■ **DATA EXCERPTS**
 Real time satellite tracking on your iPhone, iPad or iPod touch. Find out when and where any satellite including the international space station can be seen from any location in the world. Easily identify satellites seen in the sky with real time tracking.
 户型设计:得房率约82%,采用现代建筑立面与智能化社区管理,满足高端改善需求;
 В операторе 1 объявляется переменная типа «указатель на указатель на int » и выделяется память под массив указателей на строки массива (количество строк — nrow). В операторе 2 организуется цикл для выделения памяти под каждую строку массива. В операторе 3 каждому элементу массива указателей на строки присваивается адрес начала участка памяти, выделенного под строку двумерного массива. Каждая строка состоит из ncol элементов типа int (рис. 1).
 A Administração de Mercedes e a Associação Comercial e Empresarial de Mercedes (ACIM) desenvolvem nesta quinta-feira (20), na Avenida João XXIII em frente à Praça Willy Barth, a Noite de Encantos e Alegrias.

* * *

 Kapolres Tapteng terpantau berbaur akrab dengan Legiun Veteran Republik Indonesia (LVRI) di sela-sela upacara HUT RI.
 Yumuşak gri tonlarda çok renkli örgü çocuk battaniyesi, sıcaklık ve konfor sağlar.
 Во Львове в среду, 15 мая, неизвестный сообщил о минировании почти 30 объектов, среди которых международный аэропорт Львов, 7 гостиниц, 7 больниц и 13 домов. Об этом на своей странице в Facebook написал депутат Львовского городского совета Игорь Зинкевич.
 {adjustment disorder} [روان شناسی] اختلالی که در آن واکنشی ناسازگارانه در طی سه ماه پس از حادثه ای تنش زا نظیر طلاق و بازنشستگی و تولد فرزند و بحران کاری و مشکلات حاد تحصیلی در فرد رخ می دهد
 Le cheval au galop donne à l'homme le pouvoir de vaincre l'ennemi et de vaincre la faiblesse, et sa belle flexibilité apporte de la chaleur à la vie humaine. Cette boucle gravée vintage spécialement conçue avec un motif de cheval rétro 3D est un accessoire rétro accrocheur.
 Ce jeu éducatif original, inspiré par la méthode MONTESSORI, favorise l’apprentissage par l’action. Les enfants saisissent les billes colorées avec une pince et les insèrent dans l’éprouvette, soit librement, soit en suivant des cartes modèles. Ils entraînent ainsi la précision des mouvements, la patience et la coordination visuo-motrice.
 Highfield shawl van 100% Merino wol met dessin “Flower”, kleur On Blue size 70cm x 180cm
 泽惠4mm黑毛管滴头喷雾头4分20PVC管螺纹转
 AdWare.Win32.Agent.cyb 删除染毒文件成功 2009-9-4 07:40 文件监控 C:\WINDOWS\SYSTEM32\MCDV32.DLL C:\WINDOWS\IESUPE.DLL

■ **YOUR TASK**
Every line in the data above that contains the word "avec" should be copied.

■ **ANSWER SPACE**
 Le cheval au galop donne à l'homme le pouvoir de vaincre l'ennemi et de vaincre la faiblesse, et sa belle flexibilité apporte de la chaleur à la vie humaine. Cette boucle gravée vintage spécialement conçue avec un motif de cheval rétro 3D est un accessoire rétro accrocheur.
 Ce jeu éducatif original, inspiré par la méthode MONTESSORI, favorise l’apprentissage par l’action. Les enfants saisissent les billes colorées avec une pince et les insèrent dans l’éprouvette, soit librement, soit en suivant des cartes modèles. Ils entraînent ainsi la précision des mouvements, la patience et la coordination visuo-motrice.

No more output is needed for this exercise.